The bridge: from rotation to long context

This last point is also where the trouble starts. The same frequency structure that makes RoPE so elegant puts a hard ceiling on context length.

A model trained with a context window of, say, 4K tokens has only ever seen rotation angles up to $4096 \cdot \theta_i$ for each pair. The fast pairs will have swept through their whole range many times inside those 4K tokens, while the slow pairs have turned only a fraction of a circle. The network has learned to read positions inside that envelope of angles, and nowhere else.

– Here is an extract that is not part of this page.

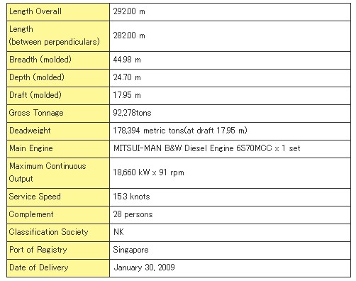 6. Main Engine of the ship is MITSUI-MAN B&W Diesel Engine 6S70MC-C, which satisfies IMO Environment Standards for Exhaust Gas and achieves improvement of fuel saving by optimum matching at normal service output. An electronic controlled cylinder oiling system is applied to the main engine achieving operational cost saving.

Now feed it a 100K-token prompt at inference. The fast pairs are suddenly spinning to phase angles the model has never seen in training. As far as the network is concerned, the positions have gone out of distribution. Attention destabilizes, and quality falls off a cliff long before the prompt ends.

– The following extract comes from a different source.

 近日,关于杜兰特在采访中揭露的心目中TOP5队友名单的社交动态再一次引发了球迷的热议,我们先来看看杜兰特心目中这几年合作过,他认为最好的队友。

This is why context extension has become its own discipline. Every major technique is, underneath, a way of manipulating the angles and frequencies we just built up. Position Interpolation squeezes the positions back into the trained range. NTK-aware scaling turns that base-frequency knob $b$ up so the fast pairs slow down. YaRN interpolates each frequency band differently. None of them make much sense until you can see position as a rotation, which you now can.

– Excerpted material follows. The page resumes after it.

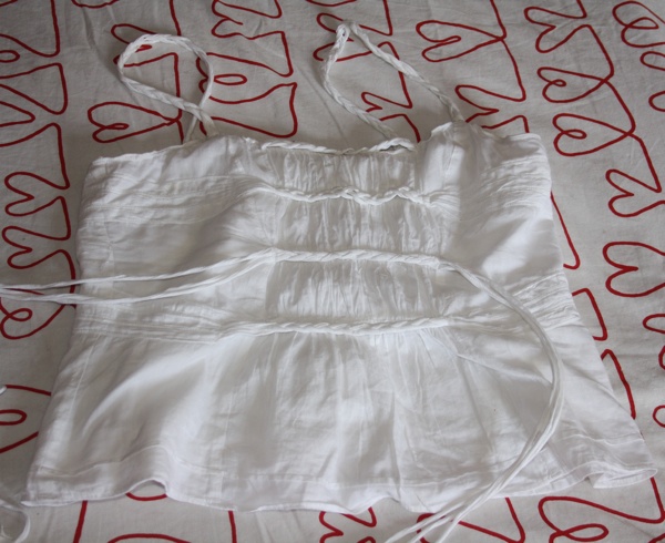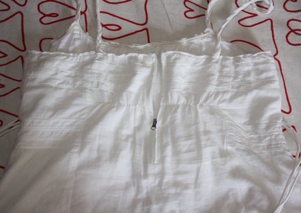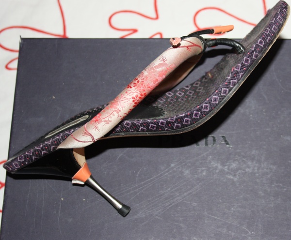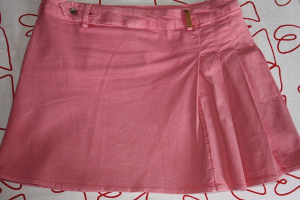 Ecco allora che mi è venuto in mente un outfit semplicissimo, ma molto fresco e sbarazzino, composto da un top di cotone bianco e una minigonna in jeans rosa fragola. Il top è in cotone leggero, con spalline intrecciate a cordoncino, e una serie di fettuccine da legare dietro la schiena. La particolarità della gonna è di essere asimmetrica, con una serie di pieghe solo da un lato, mentre il tessuto è un tipo di jeans leggerissimo, quasi una nuvola che accarezza le gambe. Alla minigonna ho abbinato la borsa anch’essa rosa fragola, adorabile con il suo cuoricino fucsia e i laccetti ai lati. Si può portare a mano, oppure a tracolla. Al tutto ho dato un tono leggermente “japonesque” con delle calzature un po’…particolari! Si tratta di un paio di sandaletti infradito, con un tacco a spillo alto appena 5 cm. Hanno nappine arancioni, e sono rivestiti in seta, decorata con motivi orientali. Il gioiello è un dragone stilizzato in acciaio, da legare al collo a doppio giro con il cordoncino di cuoio.

That is the subject of the next post in this series.

RoPE also shows up in surprising places elsewhere on this blog. The evolution of attention post shows how DeepSeek’s Multi-head Latent Attention has to do some delicate surgery, a decoupled form of RoPE, to stay compatible with rotary embeddings while compressing the KV cache. The state-space models post shows Mamba-3 reusing the same rotary machinery with data-dependent angles. The idea travels a long way.

Lessons for builders

A few takeaways that generalize beyond RoPE:

  1. Positional information wants to be relative. When you catch yourself making a model re-derive the same relationship at every absolute offset, look for a representation where that relationship is built in rather than learned.
  2. Magnitude-preserving operations keep signals clean. Rotation works partly because it refuses to touch the content’s length. When you have to inject one kind of information into a vector that already carries another, prefer transforms that leave the existing signal undisturbed.
  3. The base frequency is a real knob, not a constant. That $10000$ is not sacred; long-context models routinely raise it to $500{,}000$ or $1{,}000{,}000$ to slow the fast pairs down. When a hyperparameter is set “because the paper said so,” it is worth knowing what it actually controls.
  4. The elegant default and its failure mode are two sides of one coin. The frequencies that give RoPE its clean relative encoding are the same ones that go out of distribution past the training length. The mechanism and its breaking point cannot be pulled apart, so understanding one means understanding the other.

Conclusion

RoPE comes down to one choice: to encode position, rotate the query and key instead of adding to them. Rotation keeps each vector’s length, so a word’s meaning stays intact, and since an attention score depends only on the angle between two vectors, the score ends up tracking how far apart two tokens are rather than where they sit.

If you want the original source, it is the RoFormer paper by Su et al. It is short and readable, and after this it should be easy to follow. It is also the groundwork for the next question in this series: how a model trained on a few thousand tokens manages to read much longer inputs.